Electrical equipment company Havells, with an estimated turnover of over Rs 10,000 crore in FY20, will be affected at many levels by the proposed customs duty tweaks as it has a diversified product range. The increased duty on fans, personal grooming products and other small appliances is good news for the company – it is an indigenous manufacturer of most of these products and this range has been driving its growth. However, it also acquired Lloyd’s range of air conditioners and is still in the process of setting up its own manufacturing facility for components. So, it will feel the pressure of the duty hike on compressors in the near term.

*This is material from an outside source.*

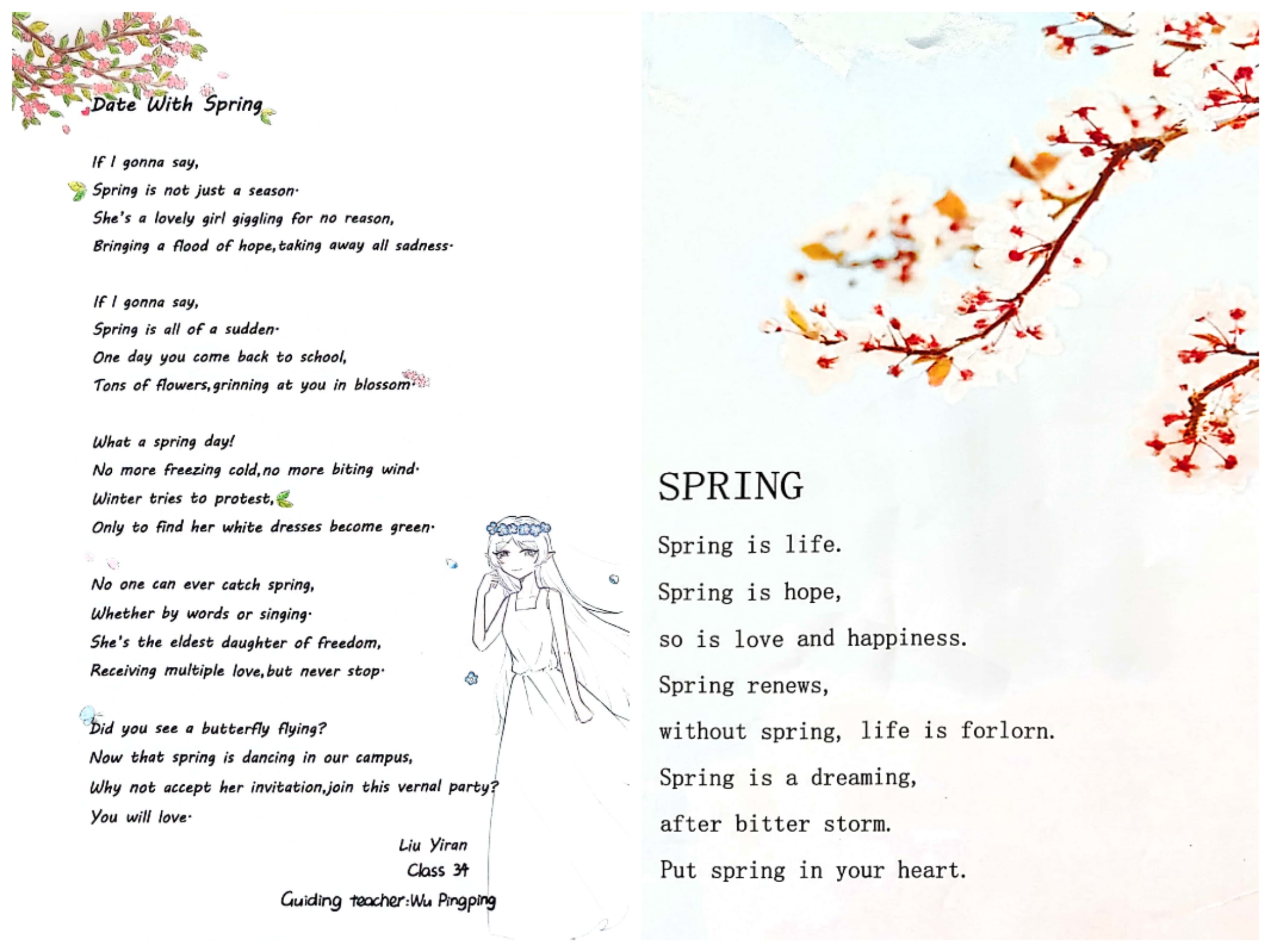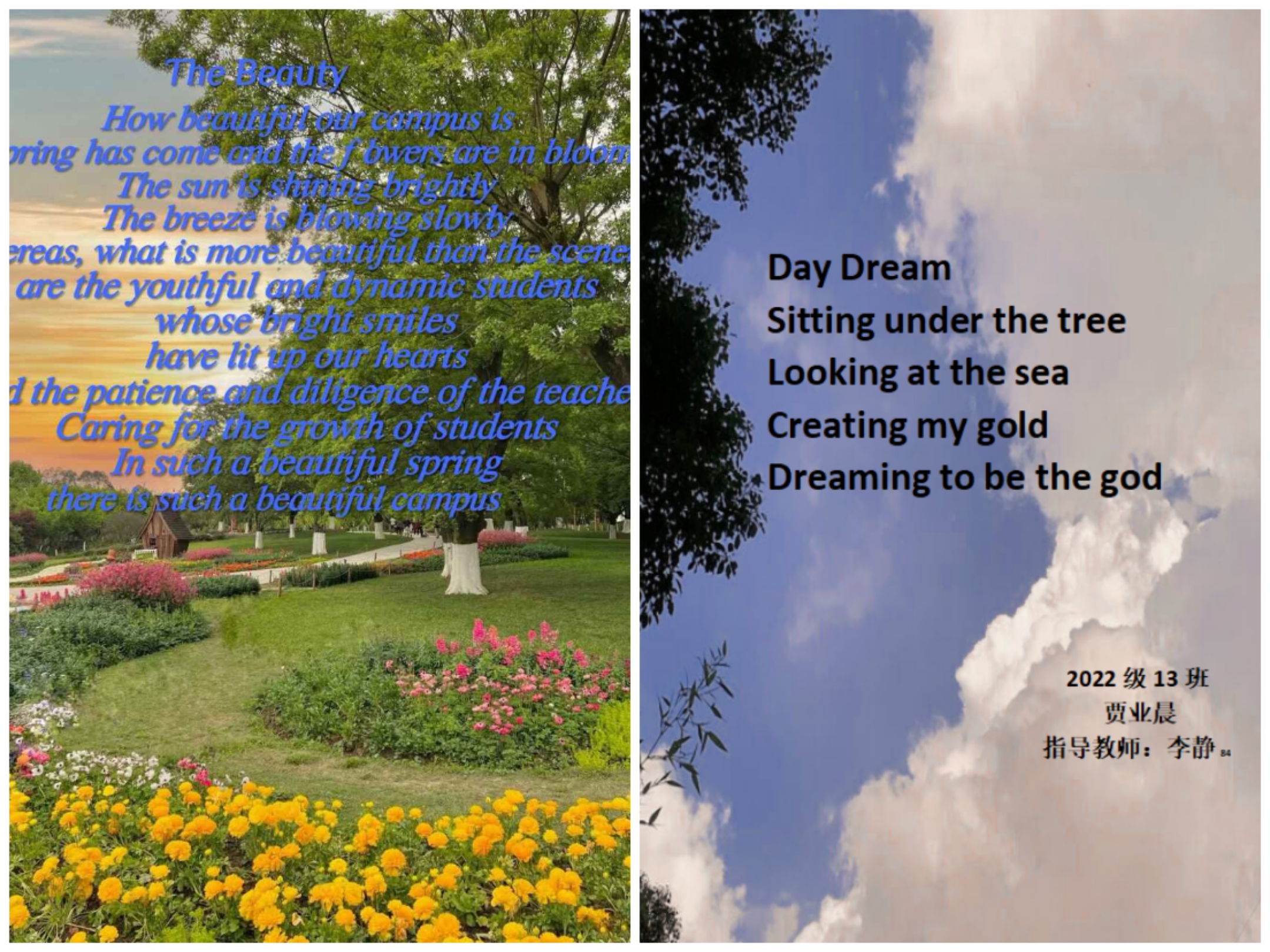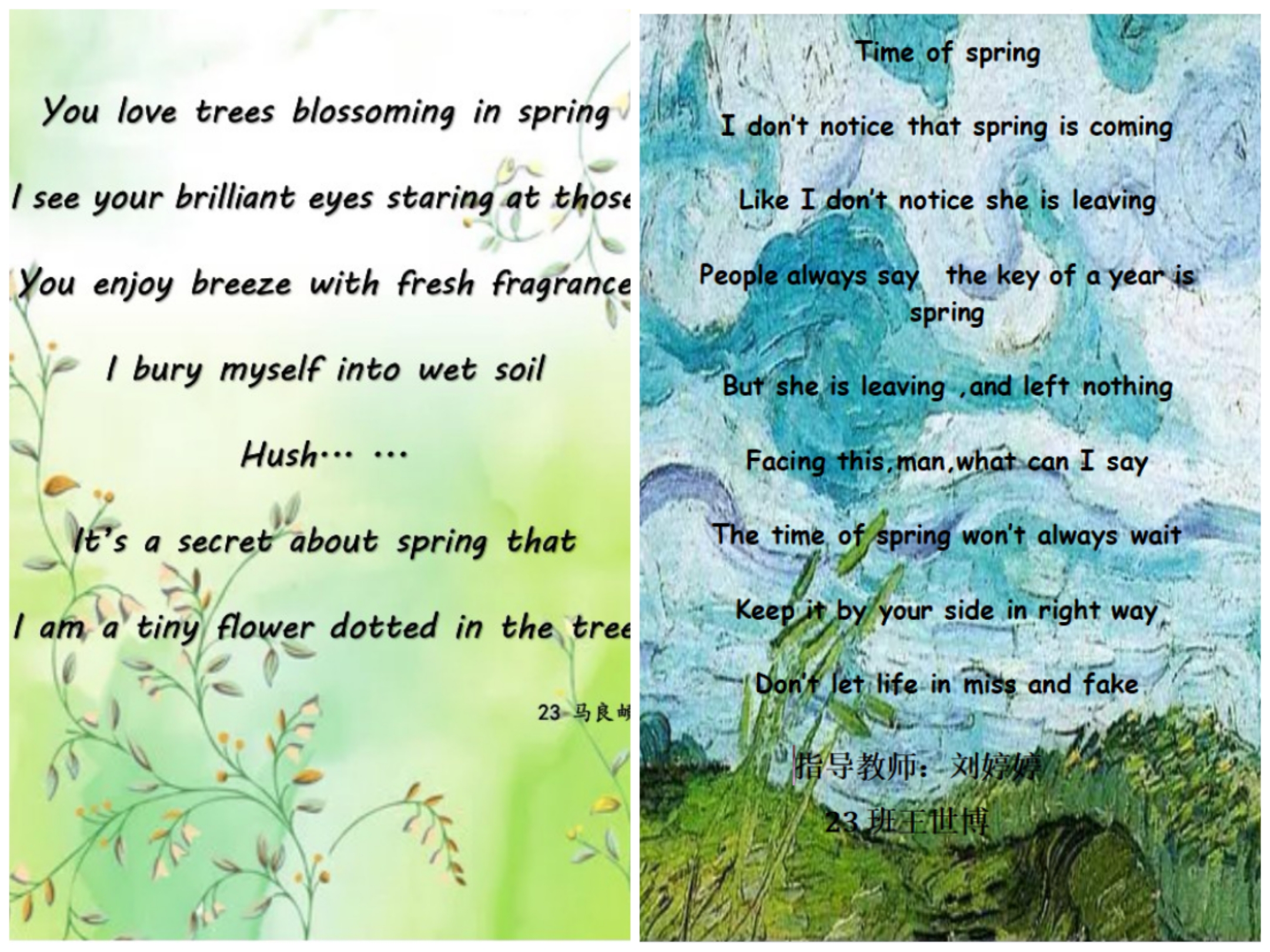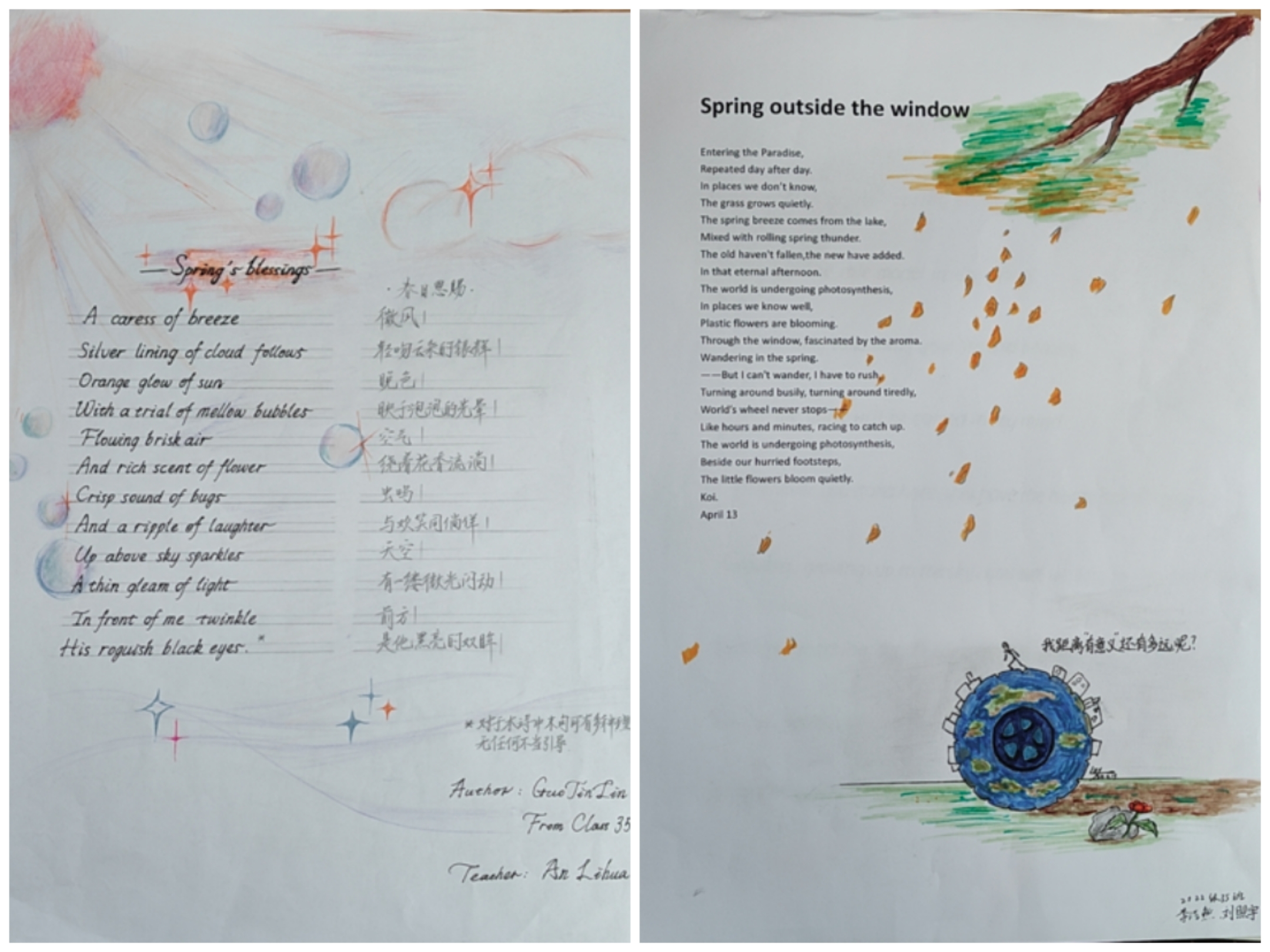 诗,是语言和情感交流的妙语;诗,是心灵与世界共谱的乐章。为了丰富英语学习形式,进一步激发学生学习英语的热情,感受英语独特的魅力,4月份,2022级英语组结合选必三第五单元诗歌内容,举办了以“相约在春风里写诗A Poetic Springtime Encounter”为主题的诗歌创作大赛。

Custom duty hikes on footwear imports (from 25 per cent to 35 per cent) and footwear parts (from 15 per cent to 20 per cent) are likely to help domestic manufacturing. India remains the tenth-largest importer of footwear globally. Bata, the largest footwear player in India with an anticipated turnover of more than Rs 3,000 crore in FY20, stands to benefit the most as it procures and manufactures most of its goods locally.
India’s first and largest manufacturer of crockery made from opal glass, La Opala, which is estimated to have a turnover of close to Rs 3,000 crore in FY20, will be a major beneficiary of customs duty on tableware, kitchenware and clay items being doubled (from 10 per cent 20 per cent). La Opala remains in a sweet spot because 100 per cent of its tableware revenues comes from domestic manufacturing. Also, the move will impact the unorganised market, and smaller brands that import products will be forced to increase their prices.

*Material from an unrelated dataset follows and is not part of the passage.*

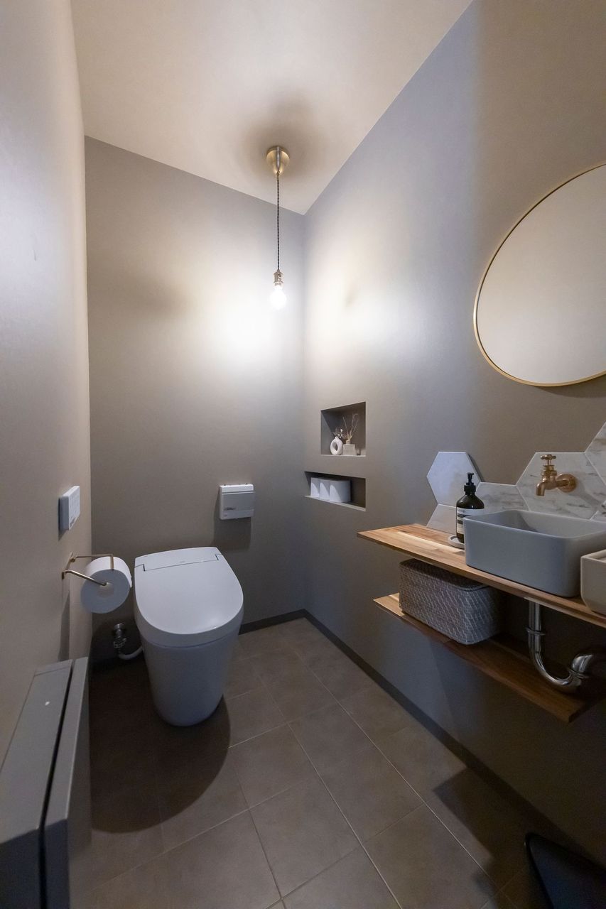 素敵な造作風洗面と、大きな鏡が特徴的です。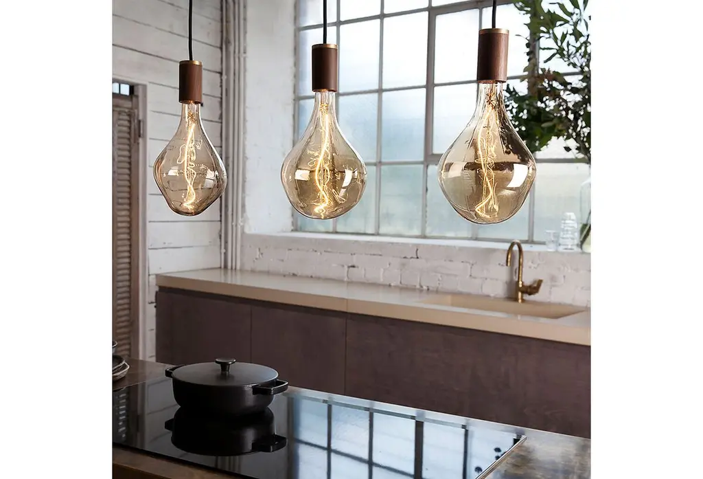 This simple pendant shows off the organic shape of what is the largest sculptural bulb made. The spiral filament, designed to mimic the Fibonacci sequence, is encased in mouth-blown glass. Its slight tint ensures a soft, flattering glow, while the brushed-brass trim adds a warm glimmer whether the light is on or off. With an equivalent incandescent power of 14W, this 3W LED bulb can reduce energy usage by up to 90%.

The introduction of a 5 per cent health cess on import of medical devices is bad news for healthcare providers in general. So far as hospitals are concerned, 20-30 per cent of their capital expenditure is on imported medical equipment. But since they also have a significant proportion of international patients (10-15 per cent), they can avail of benefits under the export promotion capital goods (EPCG) scheme, under which their custom duties are waived if they meet certain obligations related to foreign exchange generation. Diagnostic and pathology players, on the other hand, will suffer. The impact on the largest of them, Dr Lal Pathlabs, which has more than 200 clinical labs, will be keenly watched.
Budget 2020 has proposed to halve the customs duty on newsprint, uncoated paper used in newspapers, and lightweight paper used in magazines, to 5 per cent. This is a positive for print companies like Jagran Prakashan, DB Corp, and HT Media. While the share of imported newsprint use is 30-40 per cent for Jagran and DB Corp, HT Media, which uses 80-90 per cent imported newsprint for its English daily, is expected to be the biggest beneficiary of the move.
A heavy customs duty increase has been proposed on solar cells – from nil to 20 per cent. This would increase the cost of setting up a new solar plant by 8 per cent, and thereby lead to higher tariffs. The move, coupled with a reduction in tax rate, could prove beneficial for domestic players as they would become more competitive. Tata Power, with a sizeable domestic presence, should be the biggest beneficiary.
The proposed cut in customs duty on Calcined Petroleum Coke to 7.5 per cent (from 10 per cent earlier) is bad news for Indian Oil’s petcoke sales. Additionally, the removal of anti-dumping duty on Purified Terepthalic Acid could impact the company’s earnings by about 2 per cent.